Here we generate a graphical comparison of the unreported results of iterated annual updates (`None`) to the misreported results of evaluting the solution to the differential equation (`NoneExact`). 

The default display is a static plot of the last frame of an animation. If you are connected to a Jupyter server, then you should run the cell below with `nframes` set to a positive integer. The only one of the preceding cells that you need to have run is the very first. Animation is slow, so I recommend starting with 10 frames, and then deciding whether you care to see more.

In [10]:
nframes = 0  # 0 for figure instead of animation
c = CompareProcesses([desired, actual])
c.set_subtitle('\nB&S Misreport Desired Results as Findings')
c.animate(nframes, duration=5000)

<IPython.core.display.Javascript object>

Note that the interval of Malthusian growth factors on display excludes elements that are initially assigned frequencies of zero. (Without mutation, frequencies of zero can never change.) 

Comparing [Figure 4](https://media.springernature.com/original/springer-static/image/art%3A10.1007%2Fs00285-017-1190-x/MediaObjects/285_2017_1190_Fig4_HTML.gif) of the article to the population proportions in the final frame of the animation, it is clear that Basener and Sanford present the analytic solution of a differential equation (`NoneExact`) when they claim to "present a simulation." 

## A closer look at the initial distribution

Basener and Sanford use the same initial distribution in all cases. So we redo the calculation of it in order to make the steps explicit. In the end, we obtain a distribution that is *exactly* equal to the distribution we used above. To match the results of Basener and Sanford, we must must approximate the probability mass of the subinterval centered on point `m[i]` as the product of the probability density at `m[i]` and the length `delta` of the subinterval.

In [11]:
gaussian = stats.norm(0.044, 0.005)
delta = (m[-1] - m[0]) / (len(m) - 1)
p = gaussian.pdf(m) * delta
p[abs(m - 0.044) / 0.005 > 11.2] = 0
p /= fsum(p)
np.array_equal(p, p0[:-1]) # identical results?

True

Basener's approximation makes a difference.

In [12]:
np.allclose(GaussianRates(n_rates, crop=11.2, approximate=True).p,
            GaussianRates(n_rates, crop=11.2, approximate=False).p)

False

In [13]:
np.allclose(GaussianRates(n_rates, crop=11.2, approximate=True).p[:-1],
            desired[0])

True

## Conclusion

Basener and Sanford present the results of evaluating the analytic solution of a differential equation, and claim instead to have presented the results of a "simulation" (by which they mean iterated application of the differential equation in discrete time, as though it were a difference equation).

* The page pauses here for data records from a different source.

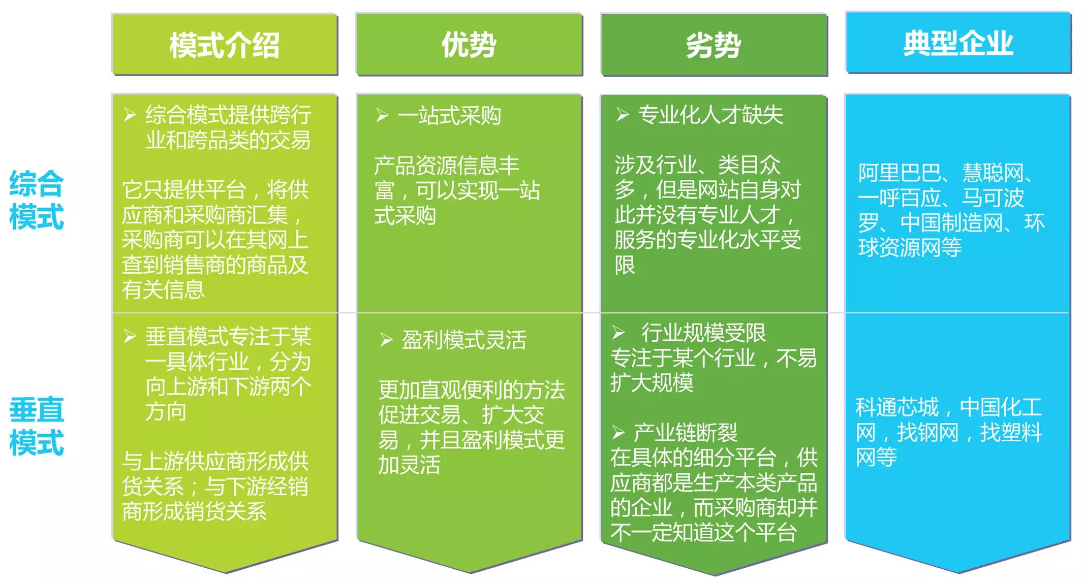 综合模式下,B2B电商既不拥有产品,也不是经营商品的商家,它只提供一个平台,采购双方可以在其网站上查到对方及商品的有关信息;垂直模式下,B2B电商聚焦于某一具体的细分领域,与上游供应商形成供货关系,与下游采购商形成销货关系。
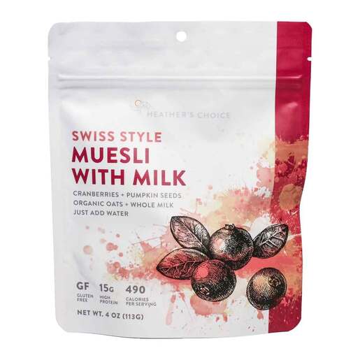 Heather's Choice Swiss Muesli with Milk - Ready to be transported to the Swiss Alps? This Swiss Muesli is about as authentic as can be. Heather's Choice added whole milk, butter powder, and cardamom for a breakfast that's downright decadent. It's become a favorite here at Heather's Choice headquarters on cold mornings in Alaska. Features Gluten-free No artificial flavors, MSG, fillers, or preservatives All real ingredients, no surprises Rich in healthy fat for long-lasting energy This product has a one year shelf life from the produced on date. Nutrition Facts Serving Size: 1 Bag (113g). Servings Per Container: 1. Amount Per Serving: Calories: 490, Total Fat 20g (29% DV), Saturated Fat: 4g (20% DV), Trans Fat: 0g, Cholesterol: 10mg (3% DV), Sodium: 880mg (38% DV), Total Carbohydrates: 64g (23% DV), Dietary Fiber: 7g (25% DV), Sugars: 25g, Incl. 14g Added Sugars (28%), Protein: 15g (30%), Vit D (0% DV), Iron 4.2mg (25% DV), Calcium 180mg (25% DV), Potassium 240mg (4% DV). *Percent Daily Values are based on a 2,000 calorie diet. Ingredients Gluten-Free Rolled Oats*. Powdered Whole Milk. Dried Cranberries (Cranberries. Sugar. Sunflower Oil). Pumpkin Seeds. Almonds. Butter Powder (Sweet Cream. Salt. Annato Color. Non Fat Milk Solids). Raw Sugar*. Sea Salt. Cardamom. *Certified Organic Ingredients Contains: Dairy & Tree Nuts
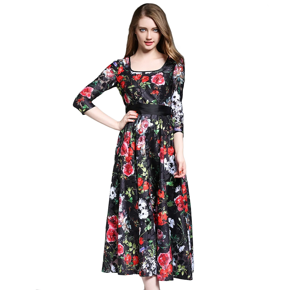 4.5 98 Video Reviews Plus Size Women Lace Dresses Floral Printed High Waist Vestidos Mujer Sashes Hollow Out Square Collar A-Line Female Robes N609YS plus-floral-dress
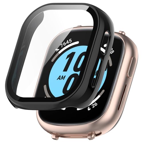 fashion mania - Tempered Glass Film + Case Screen Protector Full Coverage Hard for honor watch 4. (black)
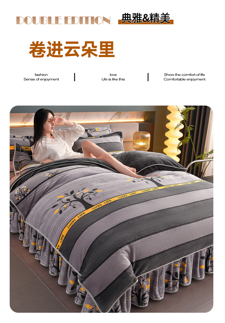 (总)董成龙家纺 2026新款高克重9-10斤加厚印花超柔牛奶绒爆款法莱绒金貂绒床裙四件套控价,富贵吉祥,称心如意,爱意满满,繁花,嫣然一笑,金色年华,春华秋实,吉祥如意,林间鹿语,快乐时光,钟爱一生,欢乐猫,金玉满堂,金枝玉叶,休闲时光,摇钱树,格调,一鹿有你,美满生活,黄金叶,蝶梦,萌萌兔,英伦风尚,花韵,银杏花开,温婉佳人,幸运绒趣,恐龙乐园,蝶舞
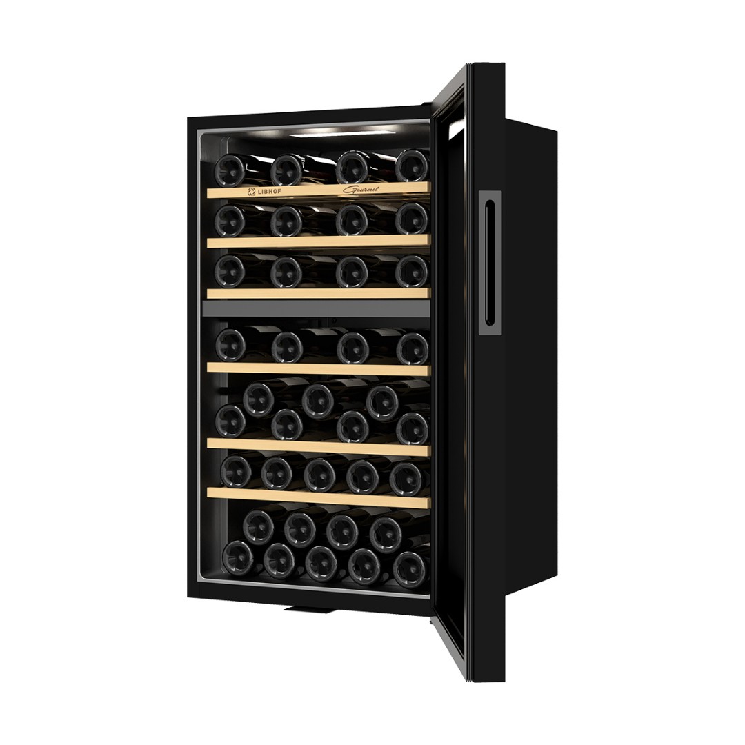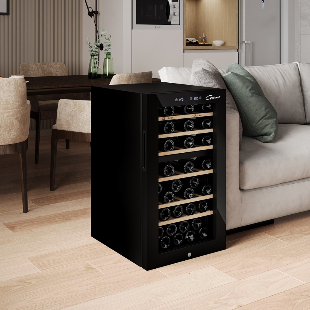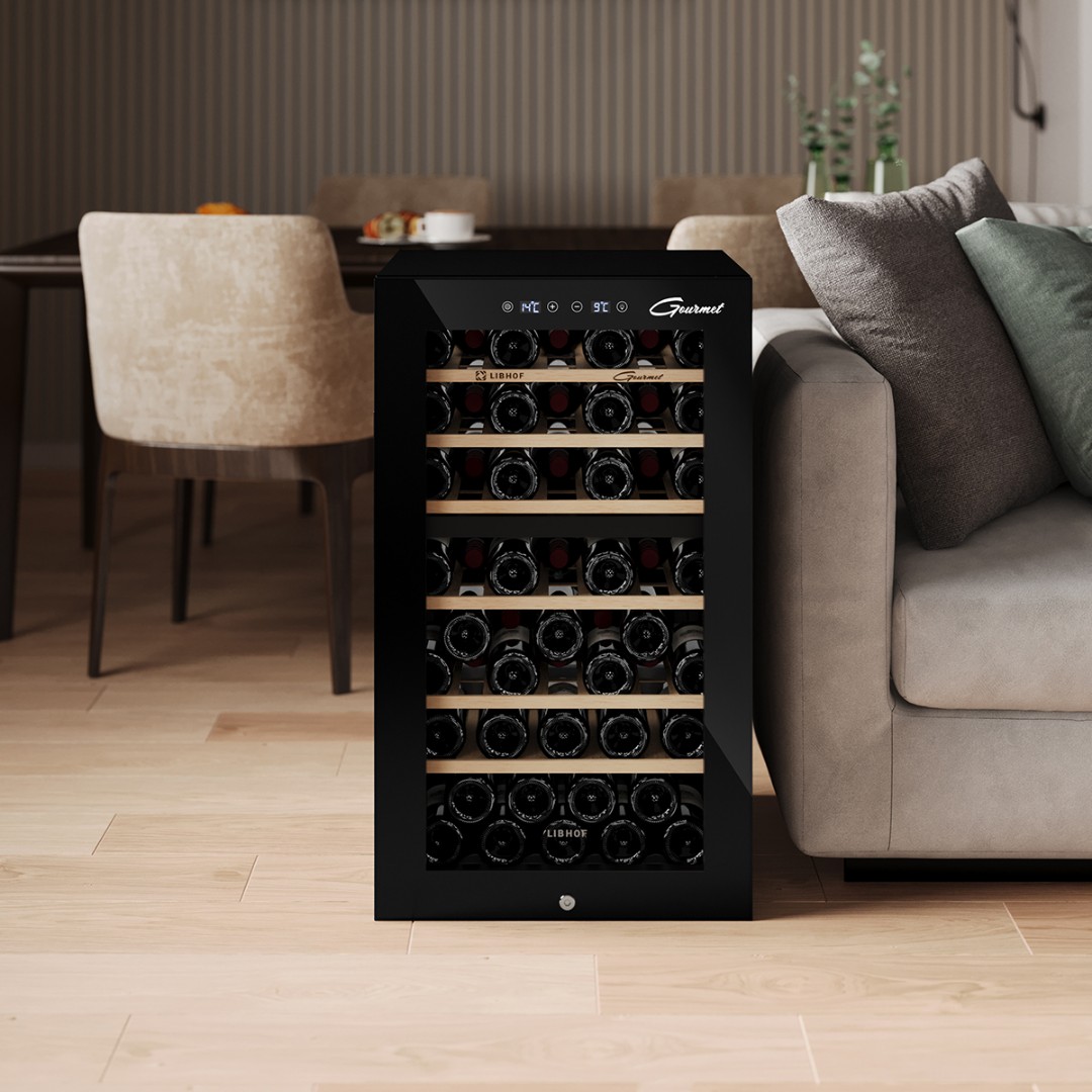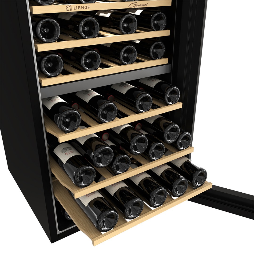 Мультитемпературный винный шкаф Libhof GMD-54 имеет две зоны охлаждения и позволяет регулировать температуру в одной зоне в диапазоне от 5 до 12 °C, во второй зоне от 12 до 20 °C,что делает его подходящим для хранения различных видов вин. Винный холодильник вмещает 54 бутылки типа бордо и имеет 6 съёмных полок из массива дерева. Отдельностоящий винный шкаф, оснащён современной компрессорной системой, которая значительно снижает уровень вибрации и шума, предотвращая взбалтывание вина и появление осадка.

The unreported results of the iteration are not close to the analytic solution. Correcting the error is trivial: reduce the Malthusian growth factors in magnitude, and increase the number of iterations. Basener and Sanford surely would have seen the error, had they bothered with a sanity check of their code. Instead of correcting the iteration, they reported as its output the output that it failed to produce. It just so happens that the error biases the iteration in favor of growth factors close to zero (see Figure 1, above). Irrespective of whether Basener and Sanford purposefully introduced the bias to obtain the sort of results that they wanted to report, the bias in fact serves their purposes.